* [STUDY MATERIAL]:
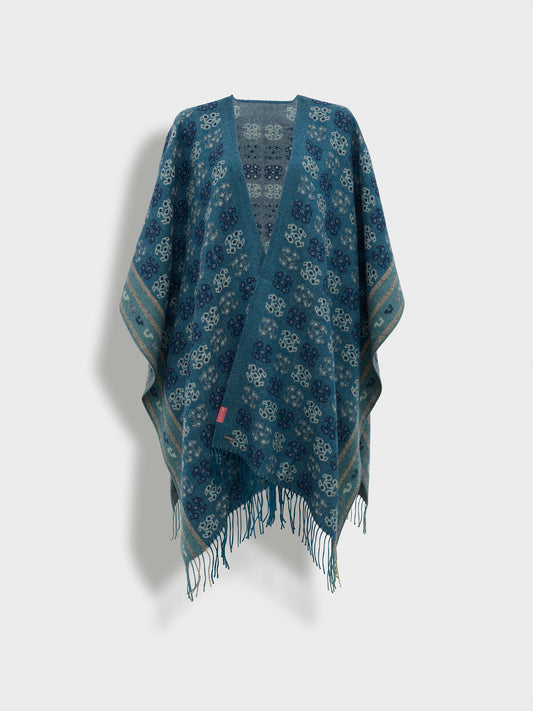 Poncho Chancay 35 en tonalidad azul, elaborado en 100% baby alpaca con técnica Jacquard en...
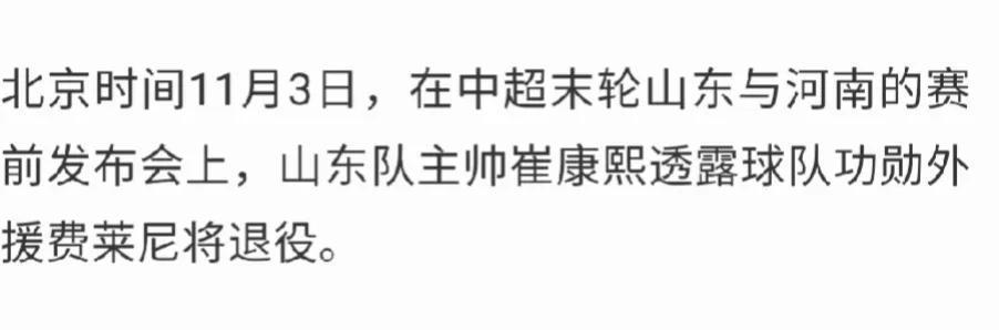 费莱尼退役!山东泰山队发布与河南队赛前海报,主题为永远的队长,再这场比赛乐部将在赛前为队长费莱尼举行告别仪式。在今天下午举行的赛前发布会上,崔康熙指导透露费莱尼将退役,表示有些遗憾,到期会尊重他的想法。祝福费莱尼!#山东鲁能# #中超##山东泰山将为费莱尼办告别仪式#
--
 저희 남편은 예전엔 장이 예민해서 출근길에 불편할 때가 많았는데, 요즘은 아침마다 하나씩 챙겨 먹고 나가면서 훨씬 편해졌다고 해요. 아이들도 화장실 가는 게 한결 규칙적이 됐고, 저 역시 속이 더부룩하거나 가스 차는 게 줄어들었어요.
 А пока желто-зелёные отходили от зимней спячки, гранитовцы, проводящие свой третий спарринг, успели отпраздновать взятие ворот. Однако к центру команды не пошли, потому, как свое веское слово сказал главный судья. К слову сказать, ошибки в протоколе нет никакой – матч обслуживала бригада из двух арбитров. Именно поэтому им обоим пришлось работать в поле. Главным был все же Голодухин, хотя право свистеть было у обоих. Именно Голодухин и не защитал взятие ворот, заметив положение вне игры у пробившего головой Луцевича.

* [WHAT YOU HAVE TO DO]:
Transcribe the records above exactly, beginning at the line that contains "저희 남편은 예전엔 장이" and ending with the line that contains "А пока желто-зелёные", both included, and nothing else.

* [ANSWER BOX]:
 저희 남편은 예전엔 장이 예민해서 출근길에 불편할 때가 많았는데, 요즘은 아침마다 하나씩 챙겨 먹고 나가면서 훨씬 편해졌다고 해요. 아이들도 화장실 가는 게 한결 규칙적이 됐고, 저 역시 속이 더부룩하거나 가스 차는 게 줄어들었어요.
 А пока желто-зелёные отходили от зимней спячки, гранитовцы, проводящие свой третий спарринг, успели отпраздновать взятие ворот. Однако к центру команды не пошли, потому, как свое веское слово сказал главный судья. К слову сказать, ошибки в протоколе нет никакой – матч обслуживала бригада из двух арбитров. Именно поэтому им обоим пришлось работать в поле. Главным был все же Голодухин, хотя право свистеть было у обоих. Именно Голодухин и не защитал взятие ворот, заметив положение вне игры у пробившего головой Луцевича.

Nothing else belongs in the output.